In many capitalist societies of the last two centuries, many men gradually defined their manhood in terns of their ability to earn a wage that supported themselves, their wives, and children. However, men's abilities to realize this dream varied according to their position in the race-class hierarchy of male competition (which varies from nation state to nation state) and of course was often contested by women themselves. Thus in many working class white women shared responsibility for providing family income.

Race-based job competition within the male working classes has historically resulted in Black and Latino men with jobs that paid less. Thus we find that in many African American communities, Black women have established a tradition of wage work, and crafted their gender identities to include providing income for the families. In Chicano communities, a smaller per cent of women participated in the labor force than is the case in both Black and white communities until the 1980s. And, as mentioned earlier, white women have demonstrated an historic interested in the racial segregation of women's work, sometimes manifest in the segregation of wage labor, sometimes manifest in the pursuit of domestic workers in the home.

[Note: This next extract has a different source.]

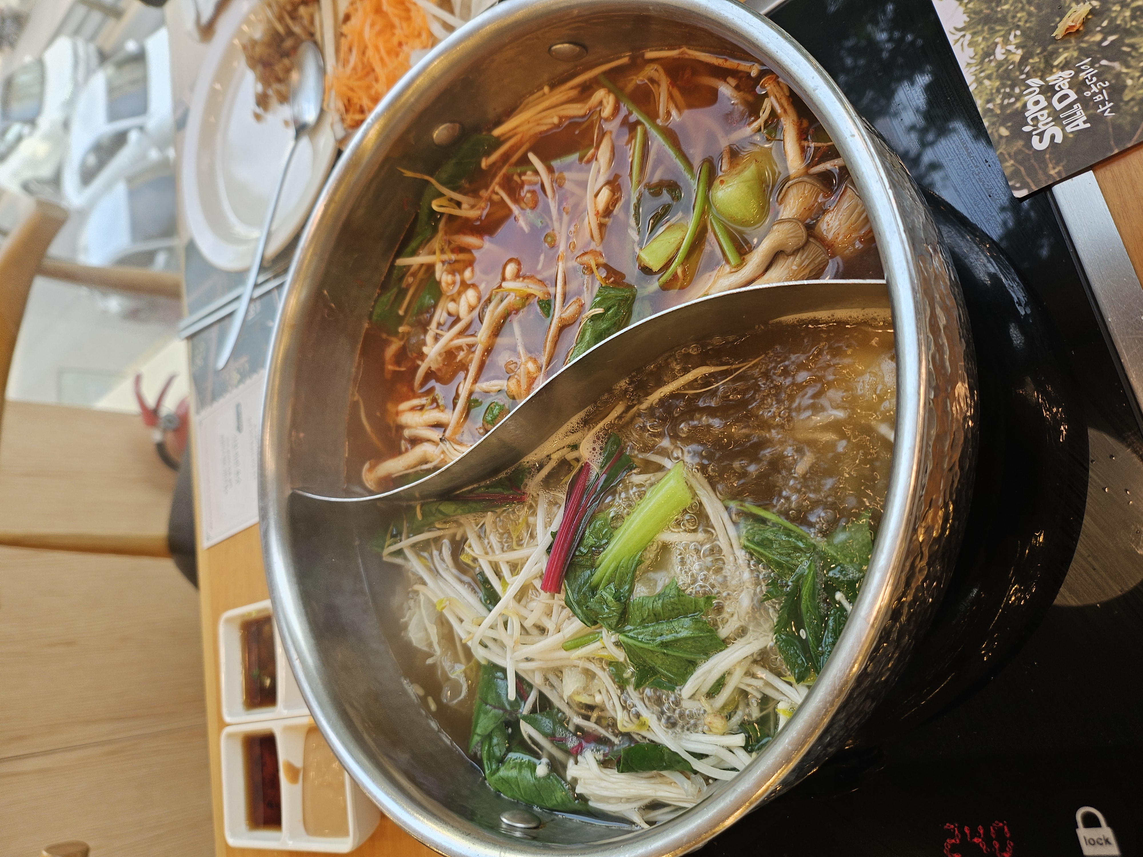 수원 정자동에 위치한 샤브올데이 소개합니다. 수원 화서역이 걸어서 10분거리입니다. 수원 화서역에는 별마당도서관으로 유명한 스타필드가 있어요. 스타필드 안에도 맛집이 많지만 무한리필의 고기제공과 샐러드바가 충분한 샤브올데이를 가고 싶으시다면 강력추천합니다. 과거 삼성전자 서비스센터 건물을 리모델링하여 넓고 쾌적합니다. 주차장은 넓지만 손님도 많아서 주차요원들이 발렛파킹해주십니다.

The above discussion helps make sense of the race, ethnic and gender distribution of employment in the United States. More specifically, we can use it to make sense of the economy at the time when capitalist profits began to decline and when employers subsequently began an aggressive assault on the wages and working conditions of U.S. workers and their families. Consider the following: in 1970, although race-based job segregation had declined for both men and women, most women still worked in female dominated occupations. Within broadly defined categories of men's and women's work, race-based job segregation continued to be the norm. White men dominated the ranks of professional, managerial, and craft jobs, with Black and Latino men pulling up the rear and therefore more concentrated in service jobs and operative jobs in manufacturing then their white male and female counterparts. Since the 1950s, large Black white unemployment gaps have been the norm; twenty years of Hispanic data also shows a significant white-Hispanic unemployment gap as well. That is, within gender and educational groups, Black and Latino unemployment rates have been twice those of white unemployment rates. They rise more quickly during business slowdowns, and decrease more slowly when the economy is coming out of a recession. An abundance of evidence suggests that job discrimination is a major cause of these unemployment gaps.

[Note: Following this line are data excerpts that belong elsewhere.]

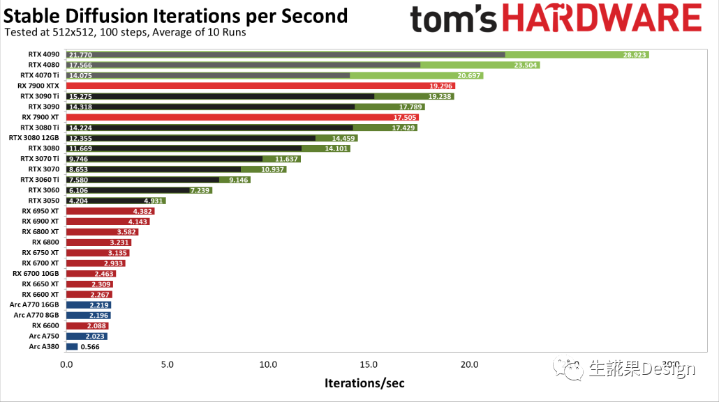 从图中可看出,与AMD或英特尔的任何产品相比,Nvidia的GPU提供了卓越的性能–有时是以巨大的优势。随着Torch的DLL修复到位,RTX 4090的性能比带有xformers的RTX 3090 Ti高出50%,而没有xformers的性能则高出43%。生成每张图片只需要三秒多。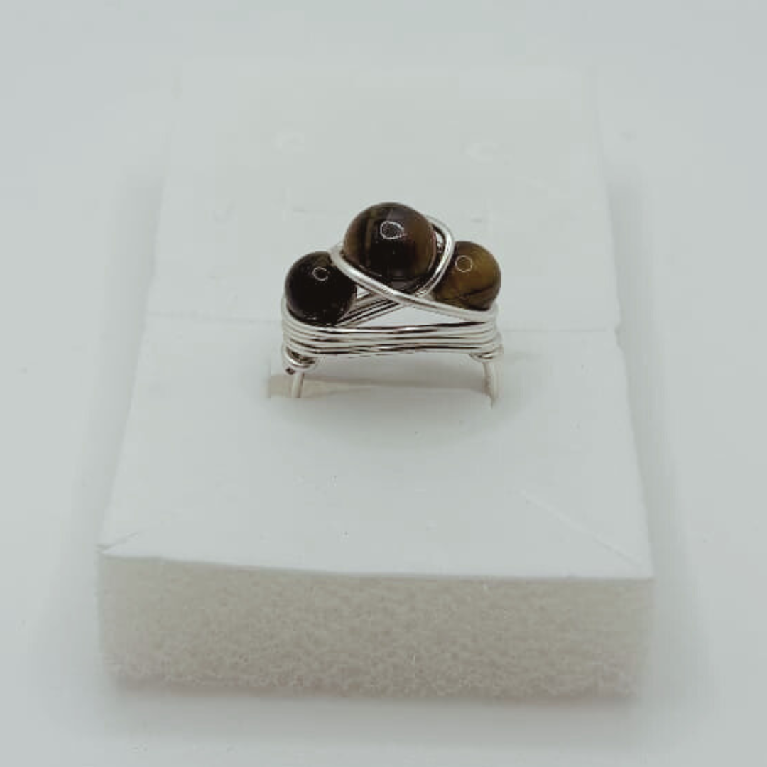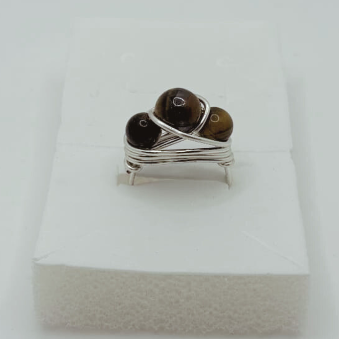 This stunning handmade ring features tree natural Tiger Eye beads stones, beautifully set in durable stainless steel wire.  Know as the stone of courage, strength and protection Tiger Eye bring balance and confidence to its wearer.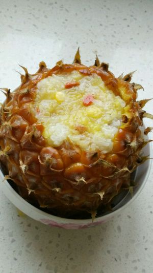 糯米泡一晚上,装碗上锅蒸六七成熟, 伴入葡萄干,枸杞,玉米粒,菠萝块 放入菠萝壳内,继续蒸20分钟即可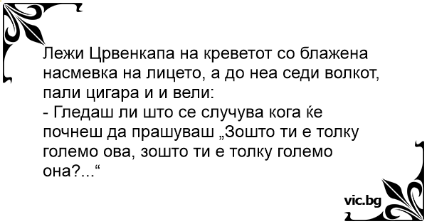 Лежи си червената шапцица с блаженна усмивка в леглото, а вълкът казва: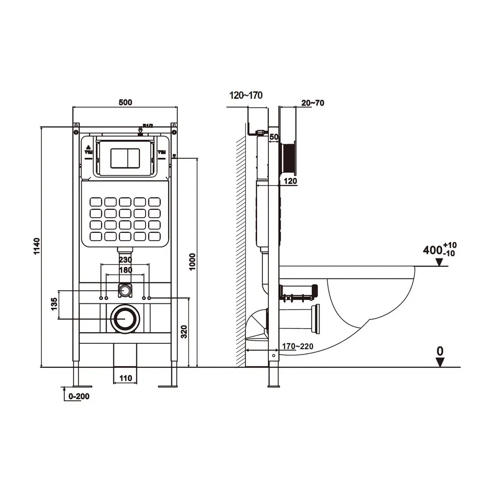 Комплект подвесной унитаз ABBER Rechteck AC1201MB черный матовый с инсталляцией AC0105 и кнопкой золото матовое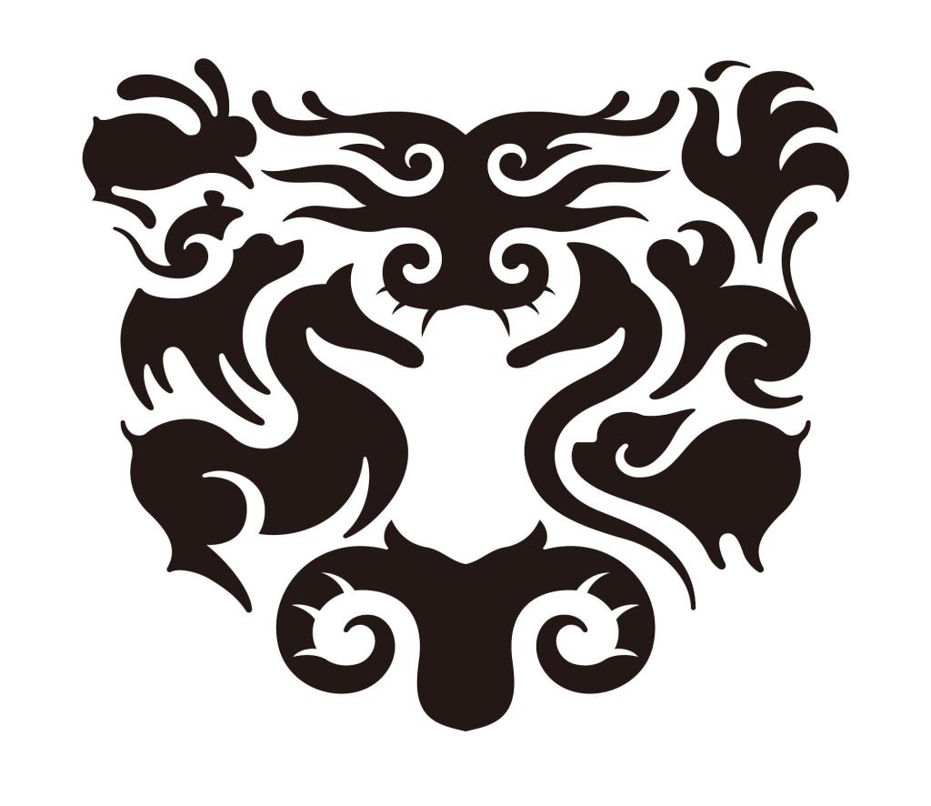 潘虎为自己的实验室设计了一个品牌标识,这是一个由十一个生肖构成“虎头”标识,因此十二生肖一个不少。其中生肖羊、牛和虎鼻位置构成的中间是一个虚形的牛,虚实相生而成形,是相当精巧的排布。

White women defined and dominated the best paid jobs in the women's professions - nursing, library work, primary school teaching - but earned less than did white men in the male-dominated professions. Most white women worked in clerical and service jobs. In the wake of the gains wrought by the Civil Rights and Black Power movements, African American women had moved in large numbers out of domestic work and into manufacturing, sales, and service jobs. However, in the manufacturing sector, white, Black, and Hispanic women were disproportionately concentrated in industries that paid the lowest wages. About 30% of Latinas were not employed in manufacturing - more than 50% worked in clerical and service jobs. Across the board, Blacks and Hispanics worked in jobs that paid less and provided fewer benefits - that is, they worked in jobs and industries less covered by the previously discussed capital-labor truce of the 1950s and 1960s. The same was true of white women, although a smaller percentage of them worked and millions shared the family incomes of white men who lead the ranks of the blue and white-collar workforces.